----- Source records
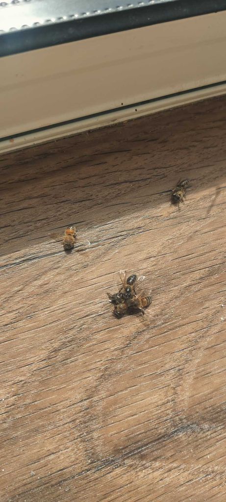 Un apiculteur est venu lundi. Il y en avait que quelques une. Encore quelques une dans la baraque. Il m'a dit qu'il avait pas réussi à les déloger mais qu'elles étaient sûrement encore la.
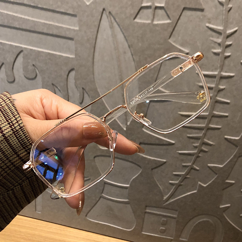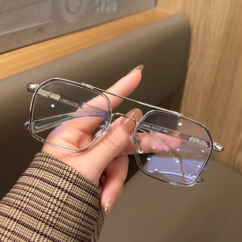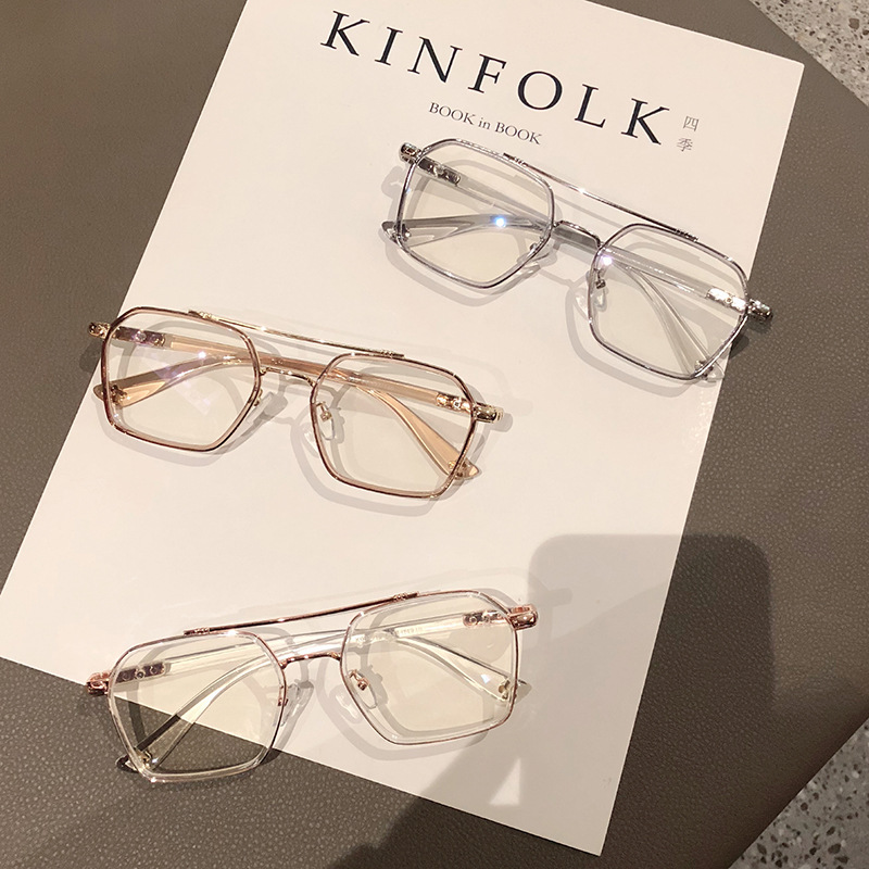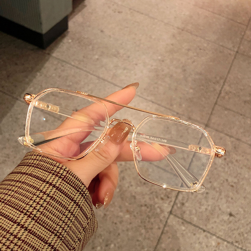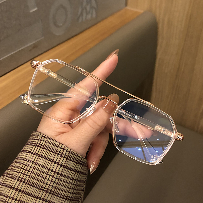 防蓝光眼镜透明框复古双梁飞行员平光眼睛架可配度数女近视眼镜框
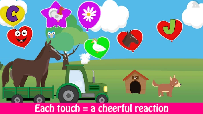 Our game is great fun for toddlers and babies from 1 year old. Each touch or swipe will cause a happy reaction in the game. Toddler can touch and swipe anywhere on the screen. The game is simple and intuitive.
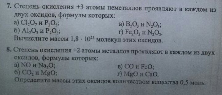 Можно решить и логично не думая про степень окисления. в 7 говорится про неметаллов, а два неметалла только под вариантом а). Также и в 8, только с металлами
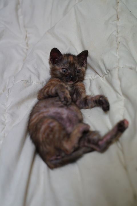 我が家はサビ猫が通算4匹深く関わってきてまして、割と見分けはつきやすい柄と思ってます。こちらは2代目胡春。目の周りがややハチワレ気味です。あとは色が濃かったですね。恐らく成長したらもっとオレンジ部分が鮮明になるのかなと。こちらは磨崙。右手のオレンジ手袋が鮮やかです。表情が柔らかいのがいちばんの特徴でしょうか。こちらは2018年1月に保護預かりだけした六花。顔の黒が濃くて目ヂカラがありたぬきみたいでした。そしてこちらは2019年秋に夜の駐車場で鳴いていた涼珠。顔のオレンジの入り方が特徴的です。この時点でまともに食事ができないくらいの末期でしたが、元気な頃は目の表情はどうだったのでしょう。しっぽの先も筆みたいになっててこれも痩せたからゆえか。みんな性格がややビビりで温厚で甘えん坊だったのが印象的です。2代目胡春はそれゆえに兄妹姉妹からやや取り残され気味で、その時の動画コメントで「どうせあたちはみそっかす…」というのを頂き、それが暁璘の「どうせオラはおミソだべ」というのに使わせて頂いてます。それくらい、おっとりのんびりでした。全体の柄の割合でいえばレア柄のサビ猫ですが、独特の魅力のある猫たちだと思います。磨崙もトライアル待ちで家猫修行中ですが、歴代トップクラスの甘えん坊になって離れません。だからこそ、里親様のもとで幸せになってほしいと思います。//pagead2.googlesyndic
----------
----- Source records
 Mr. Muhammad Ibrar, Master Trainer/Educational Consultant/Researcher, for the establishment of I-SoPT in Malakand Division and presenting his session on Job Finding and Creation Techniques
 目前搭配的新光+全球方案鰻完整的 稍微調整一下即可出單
----------
> [Description of the task]
Leaving all pictures out, output exactly the lines of the material above from the line with "Un apiculteur est" to the line with "防蓝光眼镜透明框复古双梁飞行员平光眼睛架可配度数女近视眼镜框", both included.

> [Reply to the exercise]
 Un apiculteur est venu lundi. Il y en avait que quelques une. Encore quelques une dans la baraque. Il m'a dit qu'il avait pas réussi à les déloger mais qu'elles étaient sûrement encore la.
 防蓝光眼镜透明框复古双梁飞行员平光眼睛架可配度数女近视眼镜框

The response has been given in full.